I feel like people deal with issues better when they are short term and there's a clear path to recovery. In situations like mine, there's inevitable castigation because no one wants to deal with a person whose going to be negative forever. Which I've really tried not to be, but even compared to a year or two years ago I feel like a husk of a human, withdrawn and bitter. I can only really put a mask on for work.

At least kind words like yours make me feel vindicated. Because I know deep down, that what I'm experiencing is real, and even if other people cast doubt, they're not the ones who have to be disabled and worn out every single day with no hope of a treatment or cure. I already have another tumor it seems like from an incidental scan and I don't want to deal with it right now because if I lose my ovary I'll probably start early menopause and the host of problems accompanying that shit. Thank you for your wisdom.

At the end of the day no one can stop me, if I plan meticulously enough.

I'm so sorry. It's definitely frustrating to have your suffering as "just depression". Well, depression certainly is a real and serious thing but when they say that they definitely aren't giving the full due weight to your suffering.

My friend with clinical experience said depression was my first and foremost issue. I thought that it was hide telling that he would say that. Because autism is. Why exactly am I depressed? Come on. That just tells me he doesn't have really understand the impact autism has. Which is par for the course for pretty much every NT out there, even those working in mental health or have personal relationsiops with autistic people. I suppose there must be exceptions but I haven't encountered any.

Then he says mine is " mild"". Lol. I'll be 32 soon and I have no degree,no job much less a career, no home of my own, no romantic experience and certainly no prospects for that or a family, no life worthy of the name. Immense alienation and disconnection.
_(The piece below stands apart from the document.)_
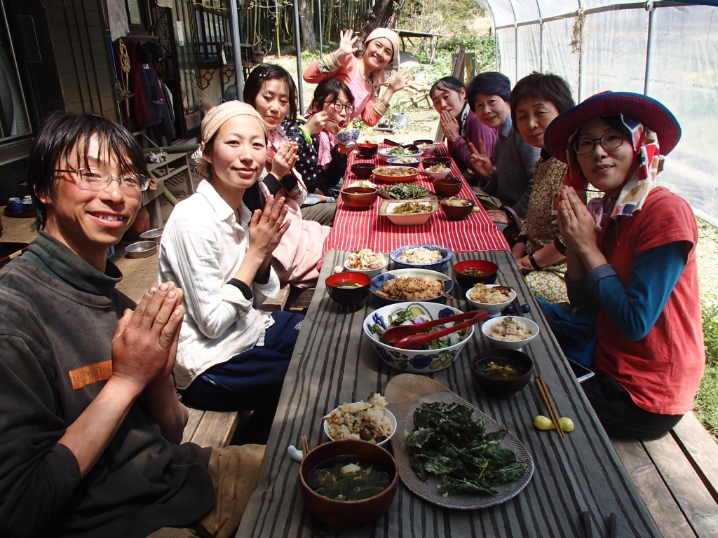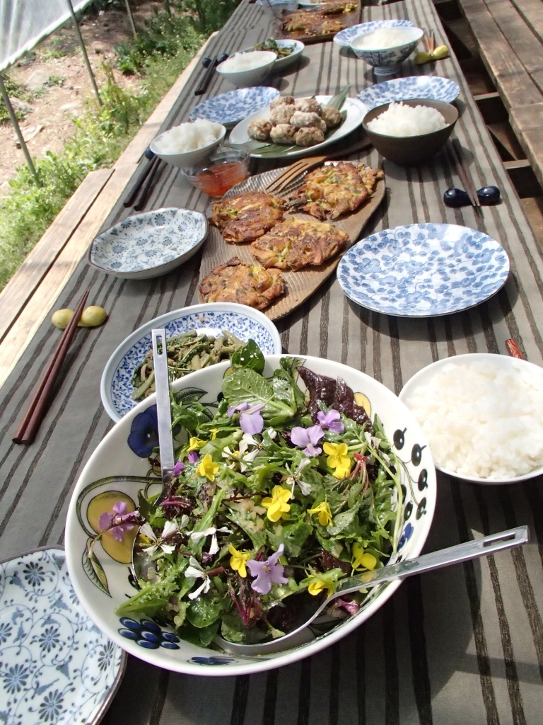 作業の前に腹ごしらえ!間引き菜の彩りサラダに、はだか麦と里芋のナゲット、じゃがいものちぢみ風!野菜がまだあまり採れない時期だけど山菜や貯蔵していた根菜で豪華な食卓!どれも美味しかった~

It eludes me why I had to be brought here just to have a gimped life.


So my situation is similarly dire but like you I have found it hard to get it going even as it grows direr and direr with each passing day. I wish I had a mediocre life that sort of, kind of confirmed to the conventional vision of what a 32-year-old's life should be, but I can't even have that.
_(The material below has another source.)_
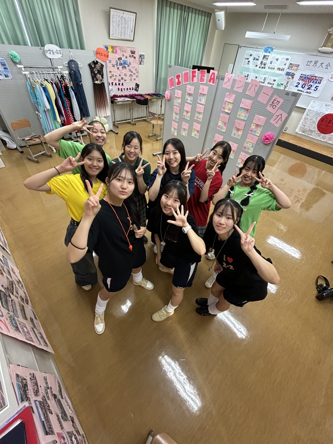 展示では、私たちの活動を知っていただけるような展示をしました。ダンス部OGの先輩も、ダンス部以外の先輩方も、写真を見ながら学園生時代を思い出してくれたり、カラフルな衣装に興味を持って試着してくれた女の子がいたり、他己紹介クイズを楽しんでくださる保護者の皆様や学園生がいたりして、それぞれ、楽しんでいただくことができました。みなさまからの、「応援してるよ。頑張ってね!」という言葉がとても嬉しく、多くの方々に支えられていることを実感しました。

Of course good things don't tend to fall into our laps and I tried. I put myself through fucking calculus when I'm not really a math person in NY renewed quest for a degree and worse than that I put myself in an environment that made me feel like my mind was ablaze with a wearing fire and that made me want to die every millisecond. But it worked for a while such that people in my life thought I turned a permanent corner then it came crashing down in a fireball. I guess miracles can't sustain themselves forever.

You can spend hours building an intricate sand castle and all it takes is one strong wave to wash it all away.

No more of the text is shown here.